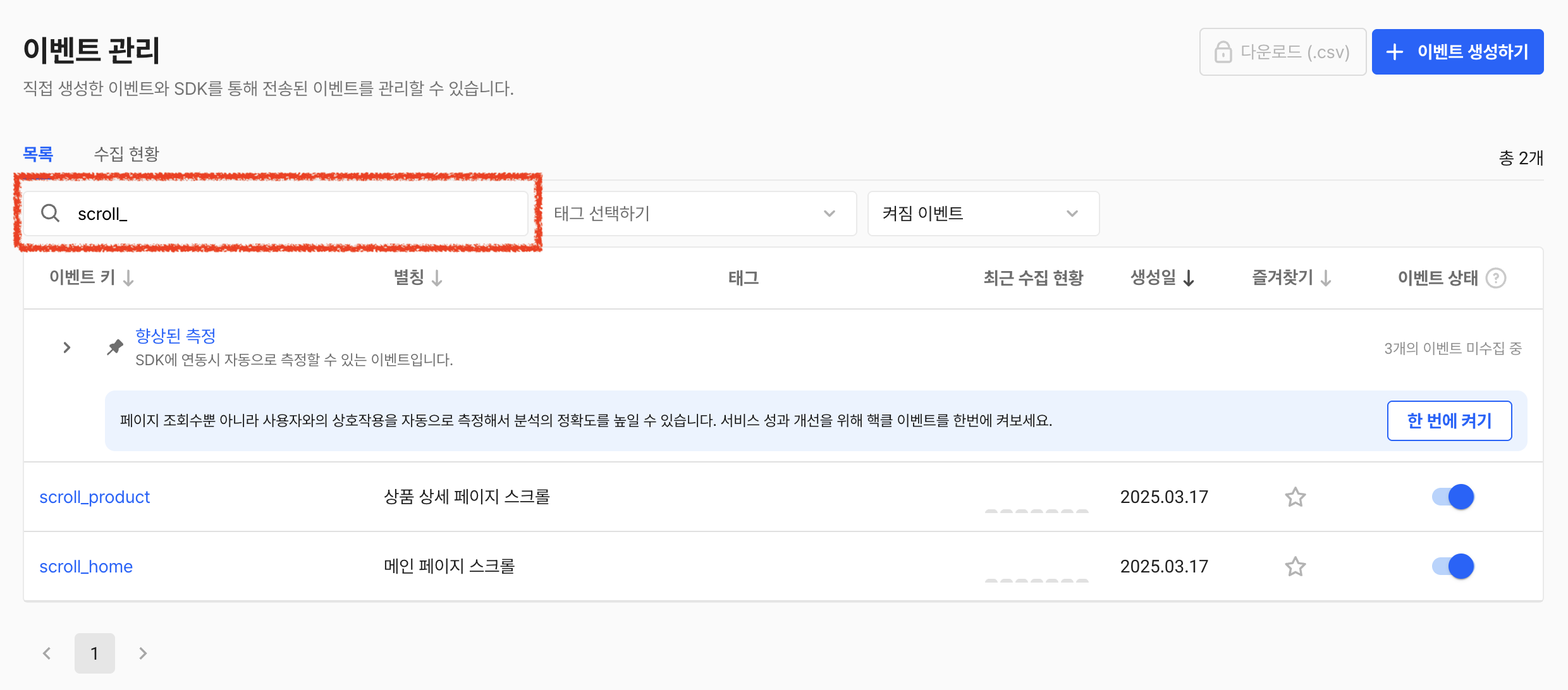 scroll_home 이벤트의 상세 페이지로 이동하면 아래와 같은 화면을 볼 수 있습니다.
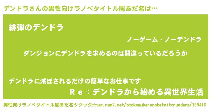 | 意味不明あだ名 | 『とにかく怪しいデンドラ』 |
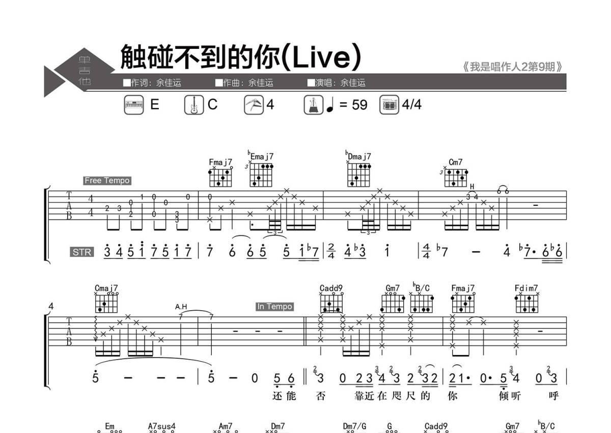 触碰不到的你(Live)吉他谱 - 余佳运 - C调吉他弹唱谱 - 精编弹唱
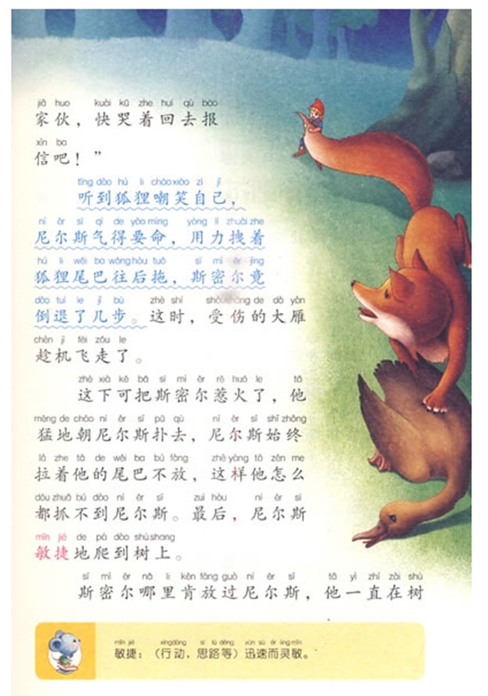 《尼尔斯骑鹅旅行记》写的是一个名叫尼尔斯的14岁男孩,家住在瑞典南部,父母都是善良、勤劳却又十分贫困的农民。尼尔斯不爱读书学习,调皮捣蛋,好捉弄小动 物。一个初春,他在家里因为捉弄一个小精灵而被变成一个拇指般大的小人儿。小尼尔斯骑在鹅背上,跟随着大雁走南闯北,周游瑞典各地,看到了自己祖国的奇峰异川、旖旎风光,学习了祖国的地理历史,听了许多故事传说,也饱尝了不少风险和苦难。在漫游中,他从旅伴和其他动物身上学到了不少优点,逐渐改正了自己淘气调皮的缺点,培养了助人为乐的优秀品德。当他重返家乡时,不仅重新变成了一个高大漂亮的男孩子,而且成了一个温柔、善良、乐于助人且又勤劳的好孩子。
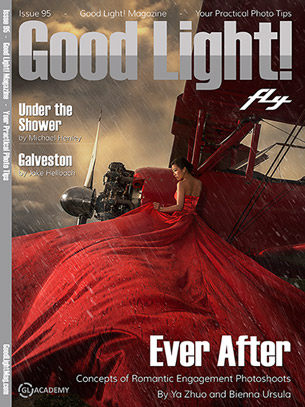 Good Light! Magazine Issue 95 - Inspiration for engagement photoshoots. Tips for glamour photoshoots in small spaces. Ideas for period concept photoshoots.
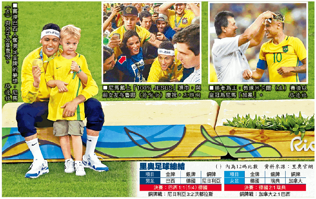 事實上,尼馬場外多姿多采的私生活惹來不少抨擊,甚至傳出帶領巴西出戰奧運的教練米卡爾,在賽事展開前曾考慮是否由他擔任隊長。尼馬賽後亦有作出回應,並透露不打算在國家隊續任隊長:「能成為隊長實在是莫大榮譽,但在奧運決賽後,我便不會再擔任這角色。」國家隊即將由新帥迪堤正式接任,後者將會選出新任隊長。至於德國雖然屈居亞軍,已造出歷來最佳成績;而同日較早前上演的銅牌戰,尼日利亞以3:2擊敗洪都拉斯,獲得一面銅牌。 綜合巴西外電
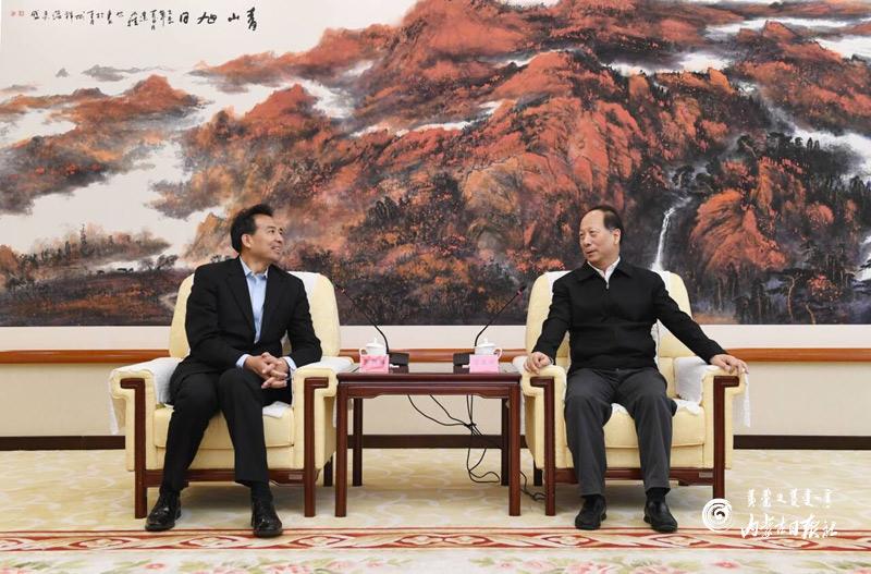 9月28日上午,自治区党委书记、人大常委会主任石泰峰在呼和浩特会见国务院联防联控机制秋冬季新冠肺炎疫情防控专项督查组长、外交部副部长罗照辉。内蒙古日报社融媒体记者袁永红摄
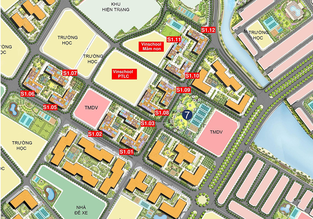 - Khu thấp tầng: Gồm 4 phân khu: Ngọc Trai, Sao Biển, San Hô, Hải Âu.
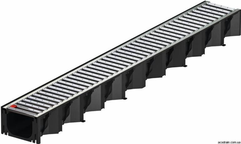 Канал PE-HD 100 см с оцинкованной решеткой Система водоотвода ACO SELF Hexaline из пластика PE-HD. Производство РФ. Канал PE-HD 100 см с решеткой. Цвет черный с пластиковой- 15 руб. 50 коп., оцинкованной- 17 руб. 50 коп., чугунной- 29 руб. 90 коп. решёткой. Набор- 15 руб. аксессуаров Hexaline/ 2торц.заглушки, сито для листьев, выпуск 110мм, PE-HD, новый товар..
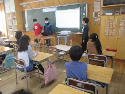 昨日は、4年生が総合的な学習の時間に行った活動や分かったことを発表しにきてくれました。クイズや劇を交えながら環境問題について伝えている4年生を見て、自分たちの総合の学習にも生かしていこうと考えていました。
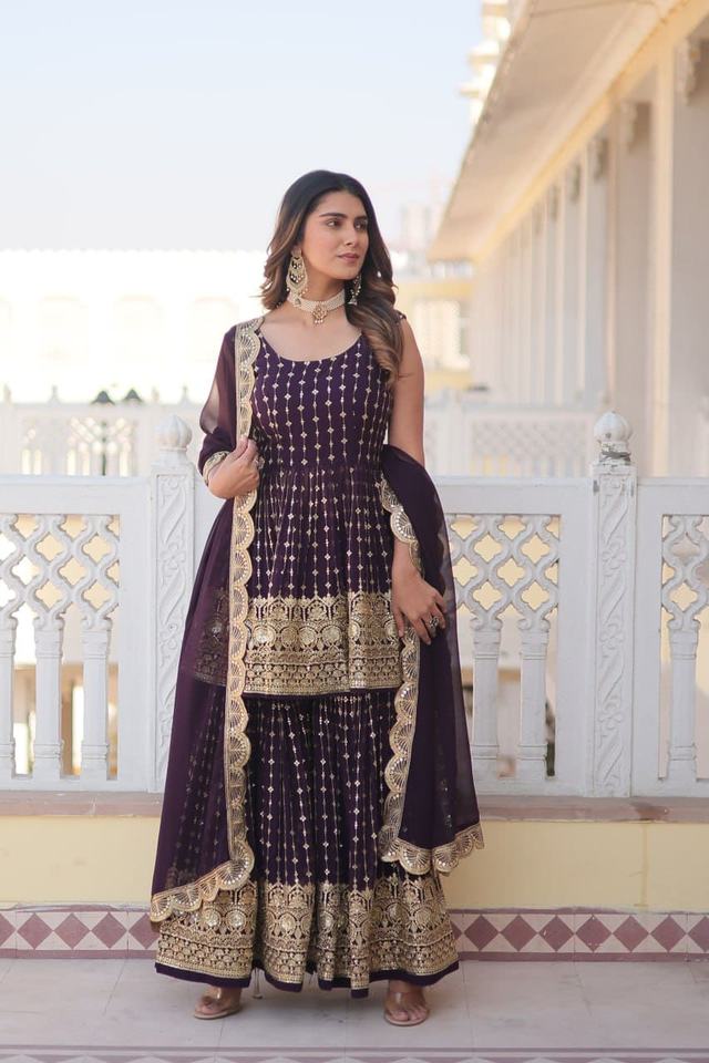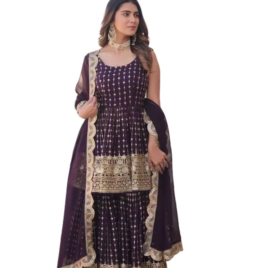 Último diseñador Fab Zone Faux Georgette bordado secuencia trabajo Sharara traje alto indio pakistaní étnico indio Sari fiestas

────────────────────

**About this task:**
Give again, word for word, every line from the top of the entries above to the line holding "触碰不到的你(Live)吉他谱 - 余佳运 - C调吉他弹唱谱 - 精编弹唱", both included. Leave the pictures out.

**Exercise solution:**
 scroll_home 이벤트의 상세 페이지로 이동하면 아래와 같은 화면을 볼 수 있습니다.
 | 意味不明あだ名 | 『とにかく怪しいデンドラ』 |
 触碰不到的你(Live)吉他谱 - 余佳运 - C调吉他弹唱谱 - 精编弹唱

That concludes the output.